One of the afflictions we untrained, shoot from the hip, make it up as you go along programmers suffer from is a tendency to get stuck in our ways. If it works, you keep doing it. Learning happens when things don’t work, and there’s seldom enough time to go back and retrofit code for new learning.
This affliction hit me in a big way this week.
My little project of the day was to take a database of 700,000-odd Canadian postal codes and turn them into an ESRI shapefile that I could load into MapInfo. Or, in simpler terms, I needed to plot postal codes on a map.
Using PHP/MapScript, I wrote a PHP script to loop through the database of postal codes, grab the required information — postal code, place name, province, latitude and longitude — and add each, in turn, to a map layer.
And it worked.
Except that it worked really, really slowly.
It started off quickly enough — zooming through the first 10% of the postal code file in a couple of minutes.
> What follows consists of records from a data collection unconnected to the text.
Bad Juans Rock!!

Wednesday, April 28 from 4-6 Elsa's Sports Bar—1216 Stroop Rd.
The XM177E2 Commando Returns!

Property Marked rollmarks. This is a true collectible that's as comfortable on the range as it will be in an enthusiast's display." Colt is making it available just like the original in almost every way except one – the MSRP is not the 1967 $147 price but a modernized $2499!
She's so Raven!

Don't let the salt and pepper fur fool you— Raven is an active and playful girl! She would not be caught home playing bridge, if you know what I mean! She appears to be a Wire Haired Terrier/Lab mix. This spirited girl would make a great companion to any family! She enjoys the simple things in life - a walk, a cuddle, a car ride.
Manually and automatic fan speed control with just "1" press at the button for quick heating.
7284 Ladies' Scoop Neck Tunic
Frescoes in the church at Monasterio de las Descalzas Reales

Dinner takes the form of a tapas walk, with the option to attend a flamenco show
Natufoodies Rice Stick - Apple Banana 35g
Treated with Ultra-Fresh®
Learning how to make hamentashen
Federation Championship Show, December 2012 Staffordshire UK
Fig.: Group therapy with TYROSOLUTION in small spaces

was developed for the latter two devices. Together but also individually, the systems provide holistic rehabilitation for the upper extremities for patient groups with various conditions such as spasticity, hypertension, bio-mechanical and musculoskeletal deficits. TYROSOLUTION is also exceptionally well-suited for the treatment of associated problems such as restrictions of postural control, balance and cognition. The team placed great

But once it got more than 50,000 points in its belly, things slowed to a crawl, and adding each point to the map layer was taking 5 to 10 seconds. I left the script running over the weekend, and it was only halfway through the “J” postal codes in Quebec, alphabetically, when I returned on Monday morning.
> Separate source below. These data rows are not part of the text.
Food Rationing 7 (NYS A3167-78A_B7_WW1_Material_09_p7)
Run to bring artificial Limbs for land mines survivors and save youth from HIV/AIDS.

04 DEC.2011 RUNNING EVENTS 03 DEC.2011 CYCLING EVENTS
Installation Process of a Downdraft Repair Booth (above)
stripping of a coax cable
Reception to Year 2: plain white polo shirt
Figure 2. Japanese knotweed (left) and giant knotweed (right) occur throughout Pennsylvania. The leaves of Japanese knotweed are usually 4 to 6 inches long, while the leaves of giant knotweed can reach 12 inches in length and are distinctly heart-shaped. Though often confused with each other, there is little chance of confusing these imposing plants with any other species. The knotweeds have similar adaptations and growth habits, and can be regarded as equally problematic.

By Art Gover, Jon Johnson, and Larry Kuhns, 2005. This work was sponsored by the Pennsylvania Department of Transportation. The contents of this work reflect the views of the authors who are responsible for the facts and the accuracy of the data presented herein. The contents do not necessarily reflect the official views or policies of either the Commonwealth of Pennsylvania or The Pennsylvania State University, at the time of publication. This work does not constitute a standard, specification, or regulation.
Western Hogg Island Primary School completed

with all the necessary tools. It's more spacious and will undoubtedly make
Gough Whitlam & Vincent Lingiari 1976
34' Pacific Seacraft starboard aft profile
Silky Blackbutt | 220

My immediate suspicion was that the more points I was adding to the map layer, the slower it was to add new ones. So I tweaked the part of the script related to adding points to the map layer. But things still ran just as slowly. I stripped out even more fluff, and made the code even more efficient. Still got bogged down. I switched the code to created ten individual layers, one for each province. No improvement.
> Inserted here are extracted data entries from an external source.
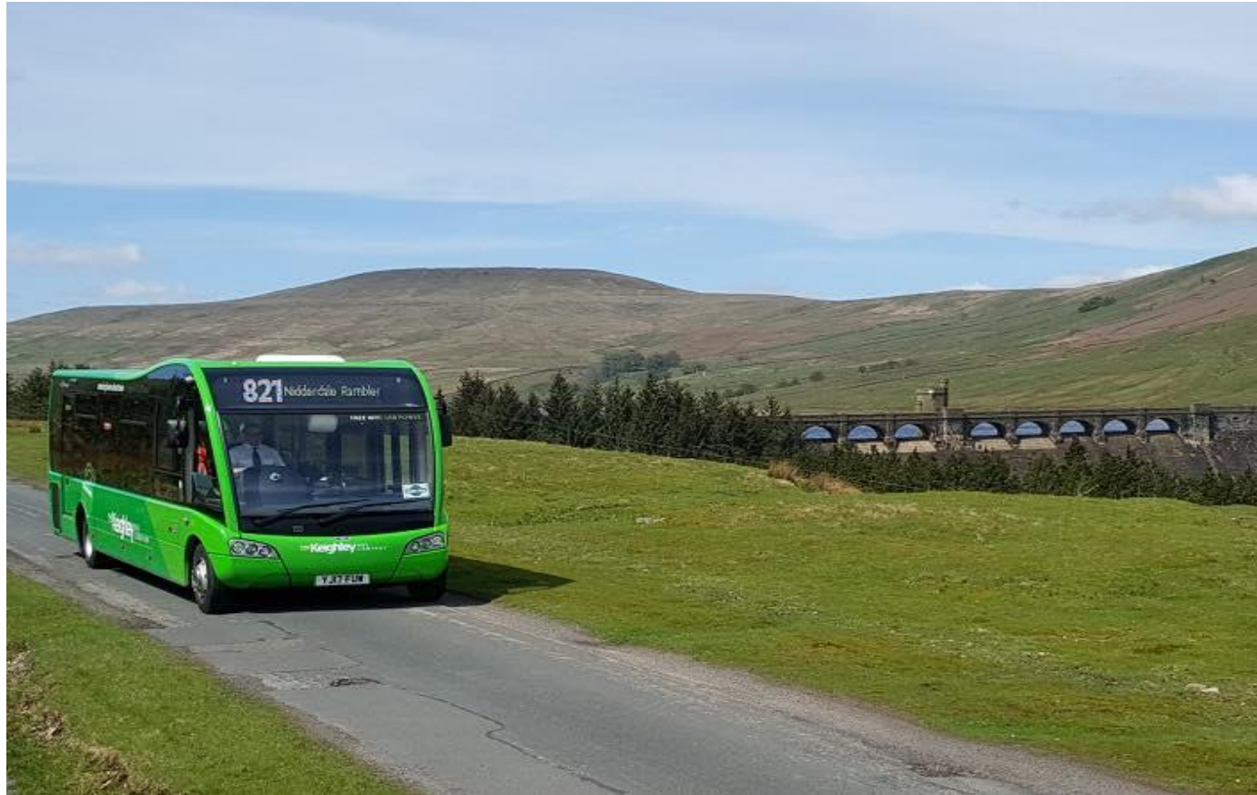
Nidderdale DalesBus 821 at Scar House Reservoir
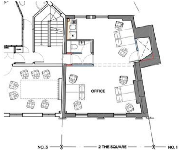
SECOND FLOOR PLAN 1:100
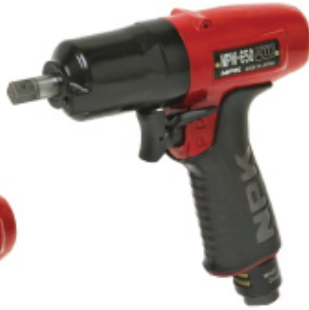
NPW-650APTS-000 3/8" Sq. Drive Pulsus Wrench
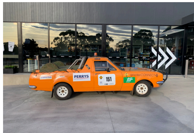
Figure 6: RFDS Outback Car – 2023 and 2024
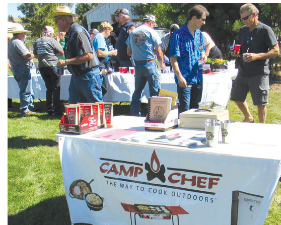
Good food and great fun enjoyed by everyone.

This morning, with a clearer head, I though “maybe it has nothing to do with the map layer part of the code — maybe it’s something else.” So I stripped out all of the map-related code, leaving me with, essentially, a script that looped through 700,000 records in a database and displayed its progress. Much to my surprise, the code ran just as slowly as when it was creating map points. So the problem was database related.
To the manual.
I’ve written hundreds of thousands of lines of database-related PHP code over the past 5 or 6 years. And the vast majority of the queries have returned less than a dozen records. Which is far less than 700,000.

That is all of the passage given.